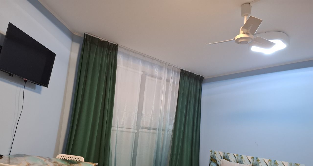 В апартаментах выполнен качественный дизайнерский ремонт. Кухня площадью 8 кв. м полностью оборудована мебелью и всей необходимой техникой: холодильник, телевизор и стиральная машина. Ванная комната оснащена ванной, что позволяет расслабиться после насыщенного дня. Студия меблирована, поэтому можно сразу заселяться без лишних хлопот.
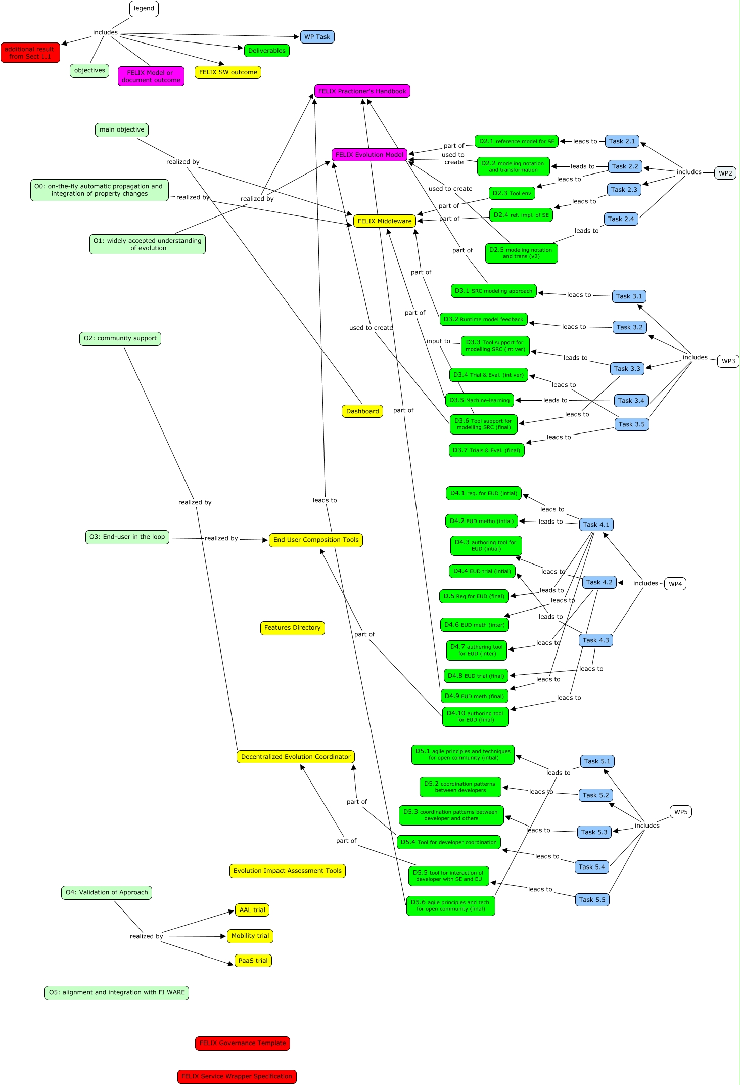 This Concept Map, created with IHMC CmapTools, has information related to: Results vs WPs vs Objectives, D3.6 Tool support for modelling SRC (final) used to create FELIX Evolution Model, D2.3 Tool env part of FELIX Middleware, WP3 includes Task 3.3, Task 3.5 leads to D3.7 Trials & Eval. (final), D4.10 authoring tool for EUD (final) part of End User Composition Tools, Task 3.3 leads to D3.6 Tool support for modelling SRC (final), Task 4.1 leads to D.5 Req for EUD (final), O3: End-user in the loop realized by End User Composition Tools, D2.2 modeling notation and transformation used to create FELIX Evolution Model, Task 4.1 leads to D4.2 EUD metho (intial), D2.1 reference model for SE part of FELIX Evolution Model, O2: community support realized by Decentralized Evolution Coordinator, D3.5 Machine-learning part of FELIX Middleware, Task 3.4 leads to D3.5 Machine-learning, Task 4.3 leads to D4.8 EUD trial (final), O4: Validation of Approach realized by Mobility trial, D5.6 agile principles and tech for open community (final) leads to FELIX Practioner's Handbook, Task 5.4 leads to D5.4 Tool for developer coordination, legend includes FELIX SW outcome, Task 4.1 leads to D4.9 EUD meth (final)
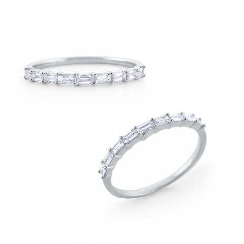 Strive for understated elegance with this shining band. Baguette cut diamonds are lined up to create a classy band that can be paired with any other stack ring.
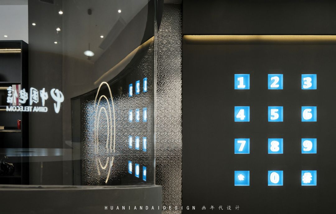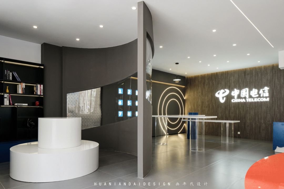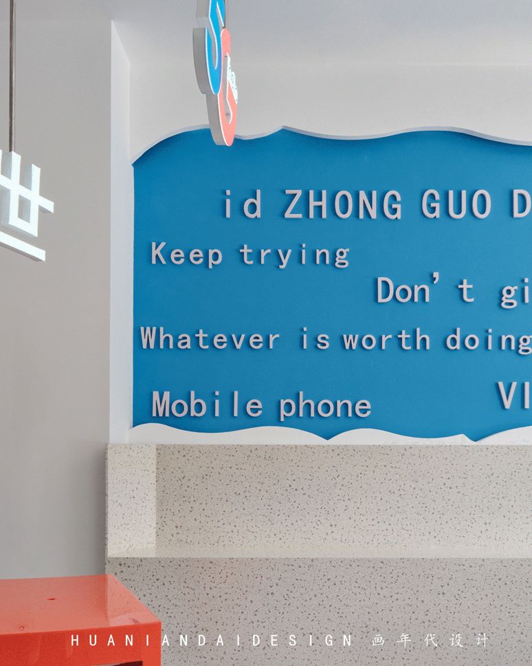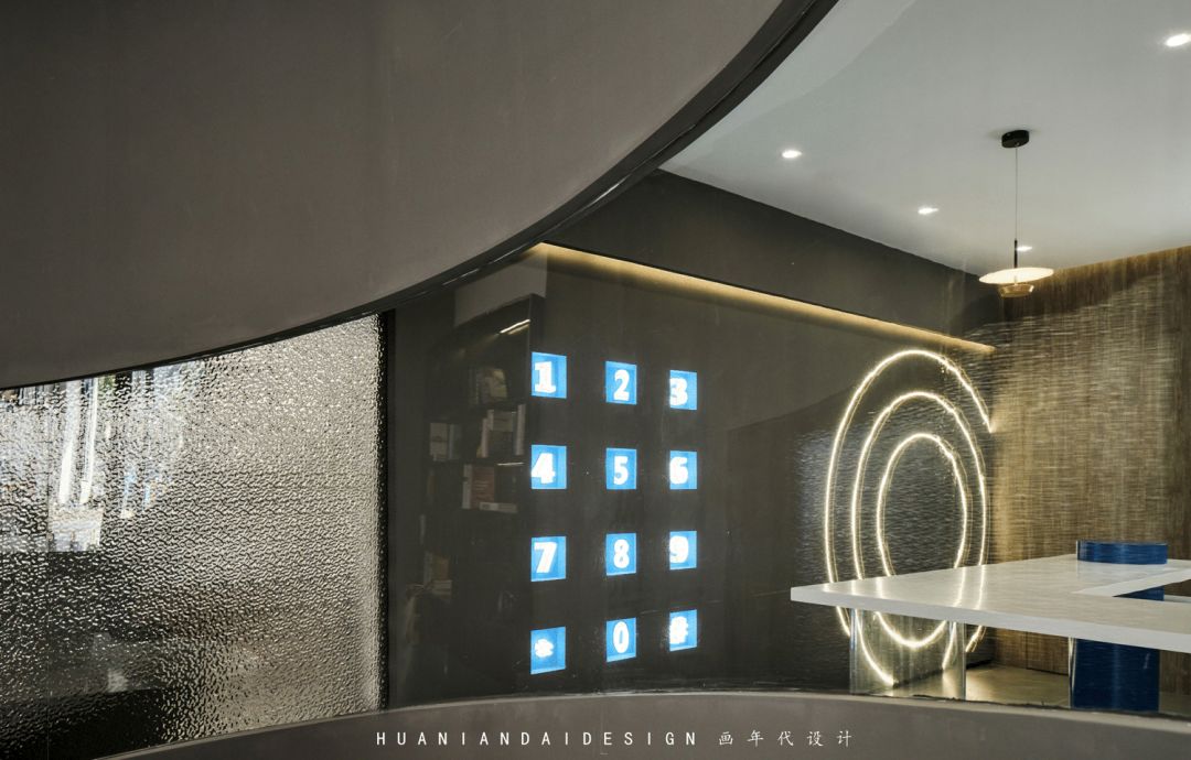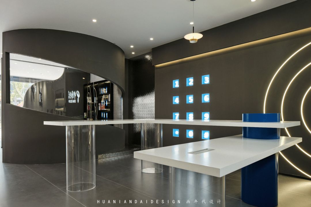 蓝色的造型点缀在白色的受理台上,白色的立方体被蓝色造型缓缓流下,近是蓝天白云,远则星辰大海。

TASK PROMPT:
Reproduce the material in full, word for word, and omit the pictures.

ANSWER FOR THE TASK:
 В апартаментах выполнен качественный дизайнерский ремонт. Кухня площадью 8 кв. м полностью оборудована мебелью и всей необходимой техникой: холодильник, телевизор и стиральная машина. Ванная комната оснащена ванной, что позволяет расслабиться после насыщенного дня. Студия меблирована, поэтому можно сразу заселяться без лишних хлопот.
 This Concept Map, created with IHMC CmapTools, has information related to: Results vs WPs vs Objectives, D3.6 Tool support for modelling SRC (final) used to create FELIX Evolution Model, D2.3 Tool env part of FELIX Middleware, WP3 includes Task 3.3, Task 3.5 leads to D3.7 Trials & Eval. (final), D4.10 authoring tool for EUD (final) part of End User Composition Tools, Task 3.3 leads to D3.6 Tool support for modelling SRC (final), Task 4.1 leads to D.5 Req for EUD (final), O3: End-user in the loop realized by End User Composition Tools, D2.2 modeling notation and transformation used to create FELIX Evolution Model, Task 4.1 leads to D4.2 EUD metho (intial), D2.1 reference model for SE part of FELIX Evolution Model, O2: community support realized by Decentralized Evolution Coordinator, D3.5 Machine-learning part of FELIX Middleware, Task 3.4 leads to D3.5 Machine-learning, Task 4.3 leads to D4.8 EUD trial (final), O4: Validation of Approach realized by Mobility trial, D5.6 agile principles and tech for open community (final) leads to FELIX Practioner's Handbook, Task 5.4 leads to D5.4 Tool for developer coordination, legend includes FELIX SW outcome, Task 4.1 leads to D4.9 EUD meth (final)
 Strive for understated elegance with this shining band. Baguette cut diamonds are lined up to create a classy band that can be paired with any other stack ring.
 蓝色的造型点缀在白色的受理台上,白色的立方体被蓝色造型缓缓流下,近是蓝天白云,远则星辰大海。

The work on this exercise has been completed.